I think that the failable new is also required to implement this logic: "I have a &str, which is a system-path, I want a relative Path out of it, but I don't want to allocate if I don't have to".

It could work like this:

let s: &str = ...

let path_buf;
let path: &RelativePath = RelativePath::new(s).unwrap_or_else(|| {
    path_buf = RelativePathBuf::from_path(s); // allocates
    path_buf.as_path()
});

matklad avatar Sep 06 '18 22:09 matklad

I think I understand what you want to accomplish: A convenient and cheap way of converting a system path into a relative path.

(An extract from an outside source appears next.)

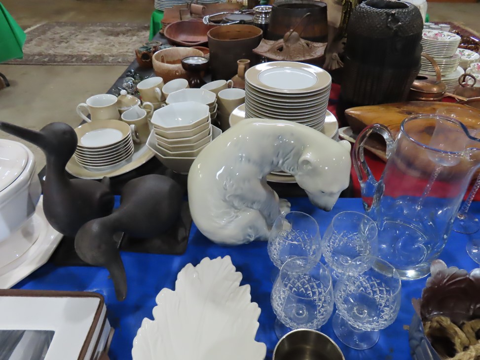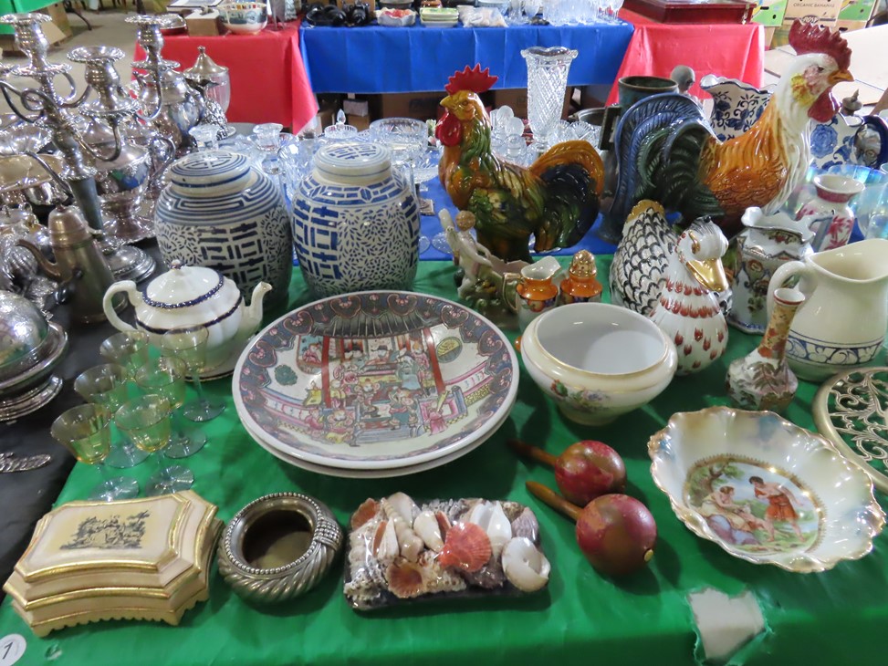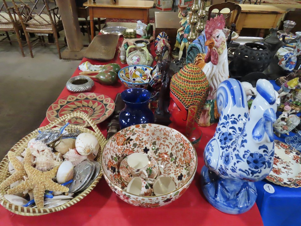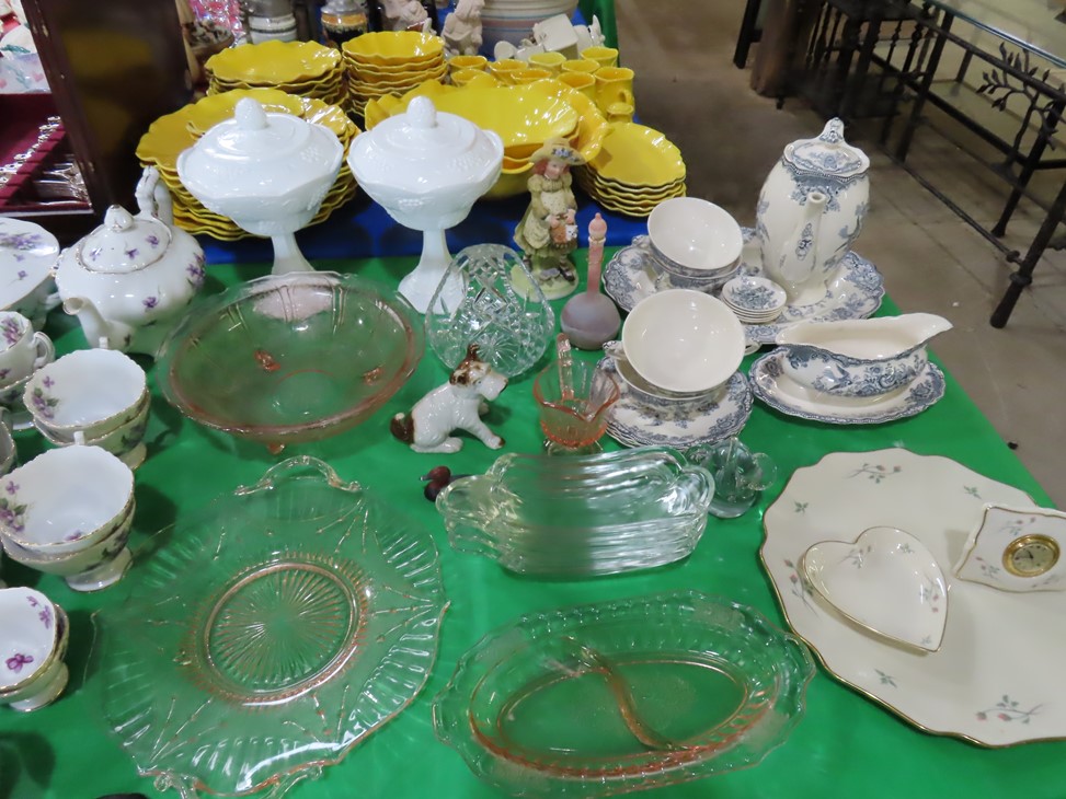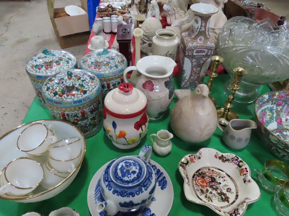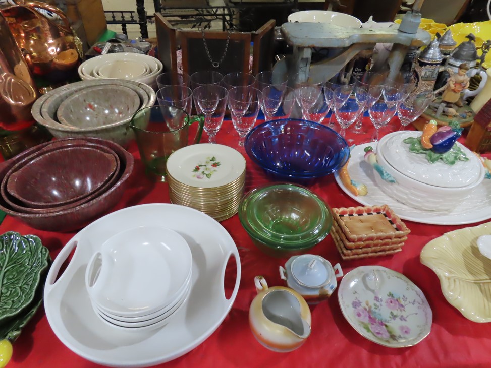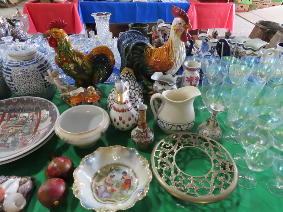 CHINA & GLASS: Large Oriental rose bowl; 3 tier wall planter; Occupied Japan “Spring Violets” dinnerware set by Rossetti; Elephant garden seat; Bone dishes; Collectible teacups & saucers; Doll head; Blue & white lidded ginger jars; Roosters; Hand-painted bowl; Teapot; Pitchers; Lusterware; Figurines; Vases; Bowls; Quimper; Gravy boat with underplate; Small tea set; Colorful plates; Washbasin; Multi-hole flower vase; More large chicken statues; Demi-tasse set; Beautiful blue & white china set; Lemon plates; Large serving tray; Fox head; Fish saucers; Biscotti jar; Gold rimmed plates; Clocks; Dedham rabbit pitcher; Polychrome ginger jars; Blue Willow; Lots & lots of ceramic figurines; Flow blue shaker; Limoges plates; Blue Onion dinnerware; Bisque figures; Mixing bowls; Lladro’ Christmas bell; Colored cut to clear decanter & goblet set; Pink Depression glass; Milk glass lidded compotes; Red & clear striped vase pair; Small hen on nest; Cobalt vase; Paperweights; Small glass animals; Crystal bowls; Rose Medallion bowl; Gold rim milk glass punch bowl & cups; Salts; Crystal wine glasses; Pitcher & glasses set; Green Depression glass; Yellow Jamestown glasses; Crystal tumblers & goblets and More!

In the example you brought up there is one weirdness: the internal representation of RelativePath relies on having forward slashes as the path separator, that would make the expression platform-specific for when the conversion is cheap vs. when it's not.

Given that from_path currently only exists on RelativePathBuf, I think it would be reasonable to add RelativePath::from_path, which attempts to perform a cheap conversion with checks and without allocations the way you want it.

It would have to do something like this:

impl RelativePath {
  fn from_path<'a, P: AsRef<Path> + ?Sized>(path: &'a P) -> Result<&'a RelativePath, FromPathError> {
    // 1. check that path is an absolute path

    // 2. check that path uses forward-slashes for its component separator.

    // 3. use Path::as_os_str and OsStr::to_str on the result to verify that the path is a valid string

    // 4. wrap and return this with Ok(RelativePath::new(s))
  }
}

With this, your example would look like this:

let s: &str = ...
let mut path_buf = ...

let path: &RelativePath = RelativePath::from_path(s).or_else(|| {
    path_buf = RelativePathBuf::from_path(s)?; // allocates, note that this is also fallible.
    Ok(path_buf.as_relative_path())
})?;

I hope it's a start without having to break the API. I'll have to do a bit more thinking before I commit to changing new.

udoprog avatar Sep 06 '18 23:09 udoprog

Sounds fine to me as long as there's an example like RelPath::new("foo\\bar").component().count() == 1 in the docs!